A send a POST request to /api/timeframes/ with the following JSON body to create the time frame for athlete C wearing device 2, starting at 20:00 and ending at 22:00.

    "start_time": "2020-05-30T20:00:00.000Z",
    "end_time": "2020-05-30T22:00:00.000Z",
    "params": {}, // Seed doc for examples
    "device": 2, // ID of device worn by athlete C
    "activity": 1, // ID of previously created activity
    "athlete": 3, // ID of athelte C
    "owner": 1, // ID of manager A
    "json_schema": 4 // ID of json schema

As A has read permission on athletes B and C, he can live stream the compted data of both athletes, through WebSocket. For computed data of athlete B, A can open a WebSocket on /ws/v1/computed-data/1/2/; 1 is the activity ID, and 2 is athlete B's time frame ID.

Activity Webhooks

Changes to activities and timeframes can be subscribed to using activity webhooks. This allows for example to keep activities and timeframes in sync when they are shared across multiple apps, which otherwise wouldn't know when a change has been submitted by another app.
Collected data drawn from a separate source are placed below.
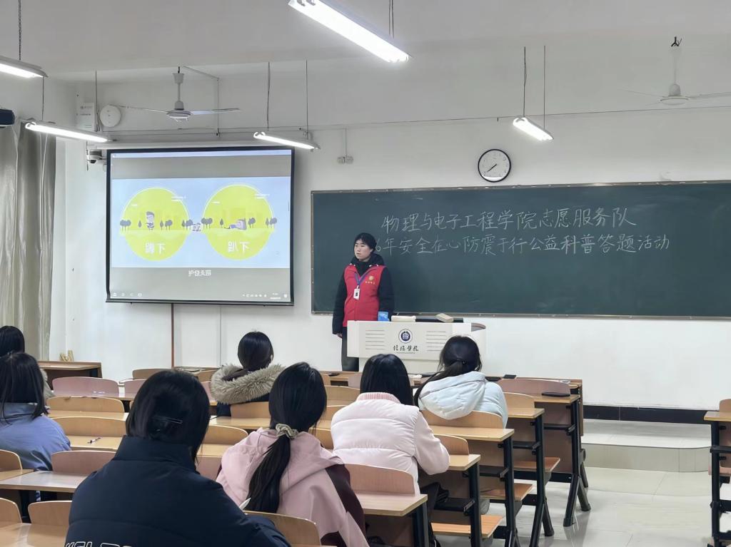三月春风送暖,雷锋精神传扬。为弘扬“奉献、友爱、互助、进步”的志愿精神,扎实普及防震减灾安全知识,切实提升师生应急避险与自救互救能力,太阳成城集团tyc234cc志愿服务队于3月16日在理工楼506开展“安全在心,防震于行”公益科普答题活动,以实际行动践行学雷锋志愿服务精神。
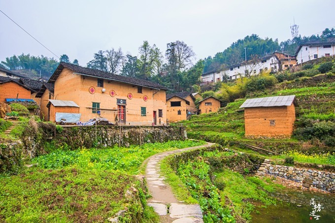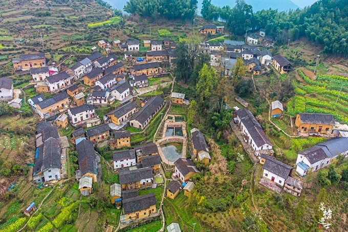 村中的民居大多粉墙黛瓦,集中在山中一处,被山岭团团围住,仿佛一座不为人知的世外 桃源 ,在淡淡的薄雾中尤其虚无缥缈。
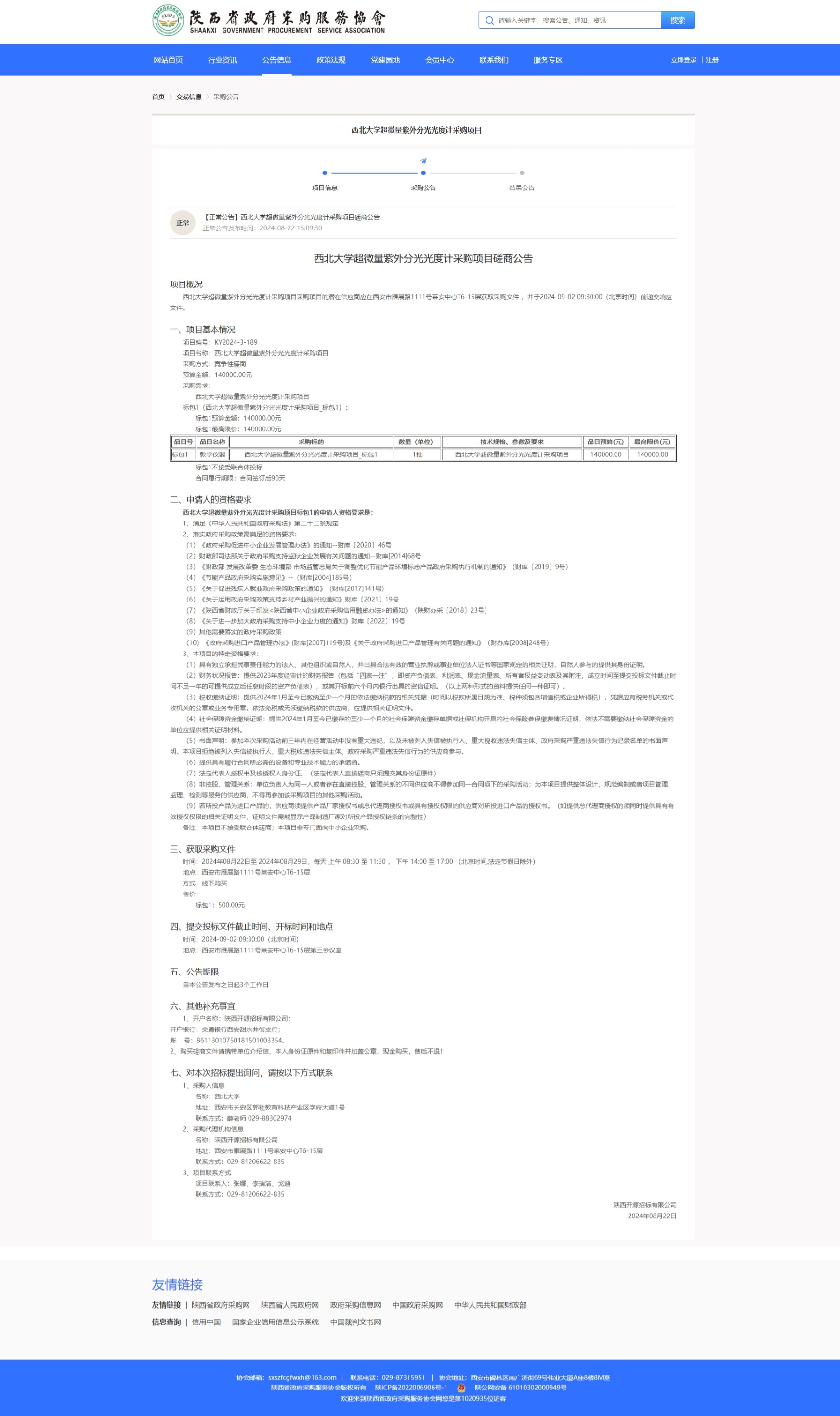 宝威体育官网首页超微量紫外分光光度计采购项目磋商公告 作者: 编辑:采购与招标办公室 时间:2024-08-23 原公告链接:https://www.sxszfcgfwxh.cn/#/tender-vTradeAnnouncement-anno?tenderProjectId=1826435442958446594&rootId=1549250743389216770
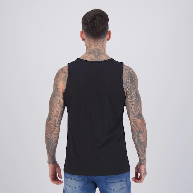 Composição: 100% Algodão Cor predominante: Preto Indicada para: Casual Gênero: Masculino Origem: Nacional Logo: Estampada Manga: Regata Gola: Careca Dimensões aproximadas (A x L): P: 71 x 52 cm M: 75 x 54 cm G: 77 x 56 cm GG: 79 x 58 cm
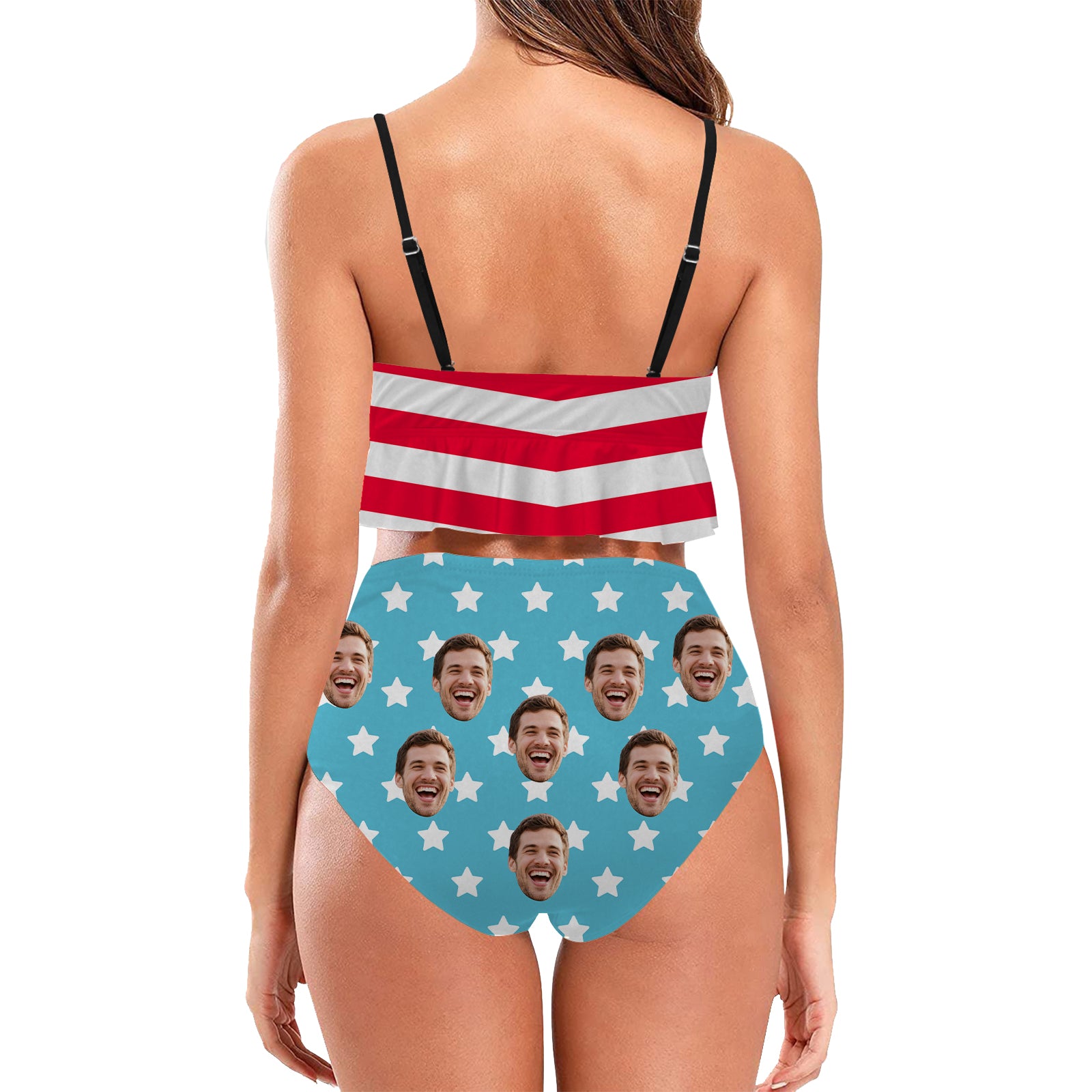(Tax Included) Custom Face Classic Red/White/Blue Bikini - Timeless Flag Design With Photo Print

To set up an activity webhook, you need:

The following example registers the callback URL https://myapp.example/callback for all events relating to the activity 123 :

// POST /api/v1/activities/123/webhooks/
	"webhook_url": "https://myapp.example/callback",
	"secret_token": "56789ABCD",
	"activity_events": true,
	"timeframes_events": true

// Response:
	"id": 99,
	"webhook_url": "https://myapp.example/callback",
	"secret_token": "56*******",
	"activity_events": true,
	"timeframes_events": true

Notice the webhook id returned. This will allow to update or delete the webhook by querying the URL /api/v1/activities/123/webhooks/99/. You can also lists all activity webhooks by using a GET request to /api/v1/activities/123/webhooks/ (response is paginated).

Now let's say the event we are tracking is delayed and we want to update the timeframe 42 associated to this activity:

// PATCH /api/v1/timeframes/42/
	"start_time": "2023-03-12T13:00:00+0100"

Then this will trigger the sending of the following request:

// POST https://myapp.example/callback
// X-Asi-Api-Token: 56789ABCD
  "event": "timeframe-updated",
  "webhook_id": 99,
  "data": {
    "activity_id": 123,
    "timeframe_id": 42

Here are all the events that could be triggered for a given activity:

The event data sent to the callback URL will only contain the id(s) of the resource(s) (activity or activity+timeframe), so that you will get the actual latest values by issuing an appropriate GET query.